I mean that the person who pronounced it is absolutely British and civilized, i.e. that it would be impossible they use a non-British expression. (in response to Chip that was saying that "screwed" is a more BE term). I hope it's clear now.


----------



## london calling

Lorena1970 said:


> I mean that the person who pronounced it is absolutely British and civilized, i.e. that it would be impossible they use a non-British expression. (in response to Chip that was saying that "screwed" is a more BE term). I hope it's clear now.


The person might be absolutely British, but as to whether s/he is 'civilised' is a personal opinion. I wouldn't expect a civilised person to use the word 'fuck' or even suggest that a woman slept her way to success (even if it's true). As far as I'm concerned whoever said this is was being rude and crude, as Sorry says.


----------



## Lorena1970

london calling said:


> whoever said this is was being rude and crude, as Sorry says.



Questo di sicuro!


----------



## Pietruzzo

What's a bit confusing about this expression is that we have different interpretations from natives


kloie said:


> it is said about a person who is not qualified but still gets a job or a higher position at a job


Ha fatto carriera giocando sporco 
Ha fatto carrera non si sa come



sorry66 said:


> the person in question got the job or position she wanted in return for sexual favours


Ha fatto carriera a letto/dandola via/facendo la zoccola, in increasing order of rudeness



sorry66 said:


> they don't necessarily believe that the woman has really given sexual favours but they think her attractiveness has played some part in her success.

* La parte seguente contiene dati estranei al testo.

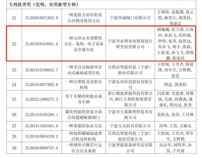 近日,寧波市市場監督管理局公布了第三屆寧波市專利創新大賽獲獎項目名單,我院提交參賽的發明專利“一種山洪災害預警的方法、系統、電子設備及存儲介質”榜上有名,獲得本次大賽的“專利優秀獎(發明、實用新型專利)”。
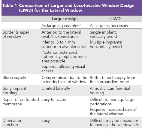 A recent study 1 addressed this very question and compared the efficacy and safety of less-lnvasive (LIWD) vs. large window designs (LWD) for lateral sinus lifts. Sixty LSFE (LIWD:30, LWD:30) with simultaneous implant installation were performed in a randomized controlled clinical trial on 60 subjects. The trials results suggested that:
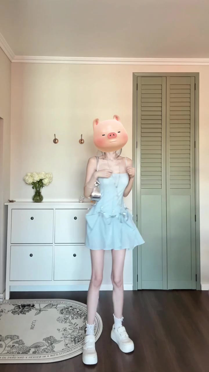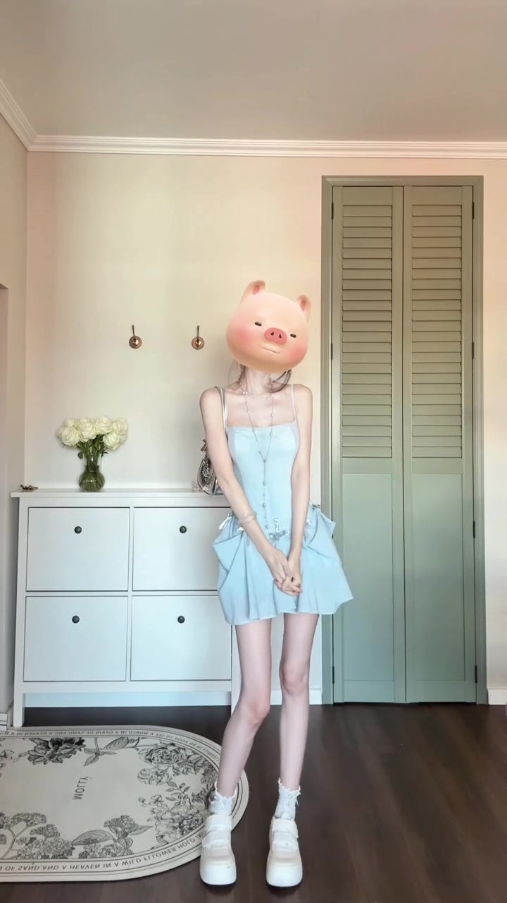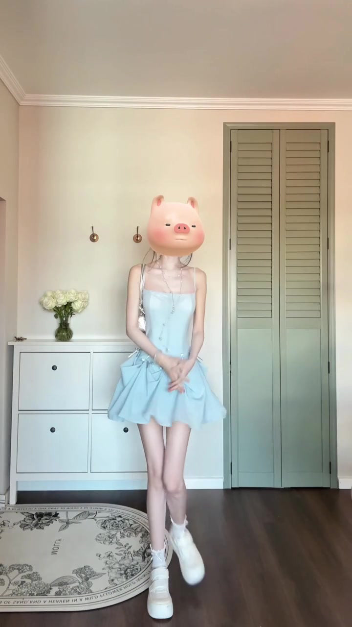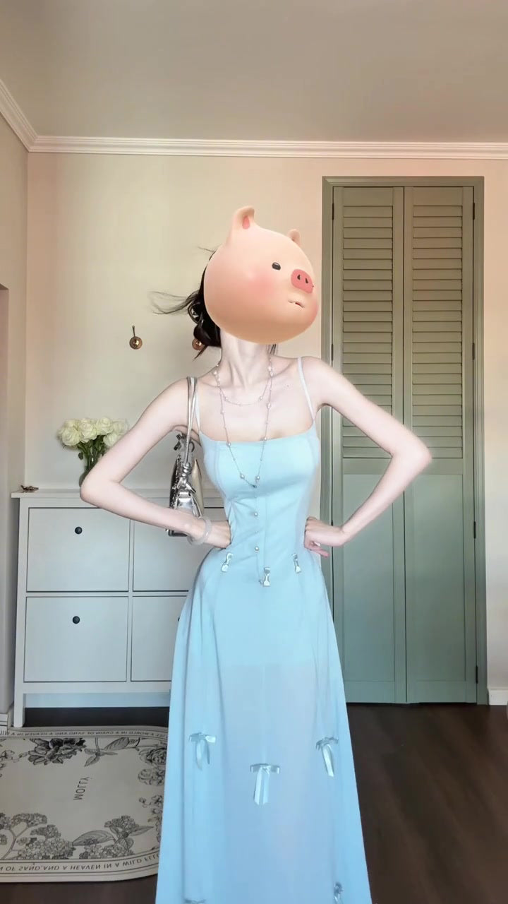 One dress for multiple wears, holiday style blue bow suspender dress, gentle temperament, beautiful long dress R0446

Ha fatto carriera col suo bel faccino("and the rest" is understood)


----------



## sorry66

@Pietruzzo 
We're all saying it's about performing sexual acts to get promotion. 
You only part-quoted kloie.
In the second statement that you quoted from me I was talking about people maligning someone who they think has  used her looks to get promotion - she may not even have done it deliberately, but her good looks had an effect. 
Using the OP statement to describe such a person is a malicious exaggeration. They don't believe she has slept with anyone for promotion but they are saying it out of malice or a perverted sense of humour.


----------



## Lorena1970

@Pietruzzo
E' chiaro lampante che significa "_si è scopata l' esercito pur di far carriera_" Poi che un forero cerchi di farlo capire in modo soft perché non ha l'abitudine ad essere esplicito o che un altro lo dica chiaramente (come Sorry66), poco cambia. Il senso è quello ed è ciò che io volevo sapere. Non ci sono metafore, non ci sono "alleggerimenti". Dopodiché, se questa lo ha fatto davvero o se la frase è pronunciata per denigrare la persona (e cmq un certo senso di verità c'è, data la pesantezza della frase), poco importa (almeno e me). Il significato è letterale e non è sostituibile da altri termini, né significa nulla di diverso. La risposta del post#9 di Sorry è lampante.  "screwed" NON è la stessa cosa, etc.etc.etc.
Per quanto mi riguarda: grazie a tutti!


----------



## giginho

Al di là del fatto che stiamo scivolando sul pendio del considerare chi asserisce (con un fondo di verità) una cosa del genere uno incivile piuttosto che pensare tutto ciò di chi lo ha fatto, credo che la traduzione proposta da Lorena nel suo post 28 sia la migliore e mi ha strappato un sorriso.


----------



## Lorena1970

giginho said:


> Al di là del fatto che stiamo scivolando sul pendio del considerare chi asserisce (con un fondo di verità) una cosa del genere uno incivile piuttosto che pensare tutto ciò di chi lo ha fatto, credo che la traduzione proposta da Lorena nel suo post 28 sia la migliore e mi ha strappato un sorriso.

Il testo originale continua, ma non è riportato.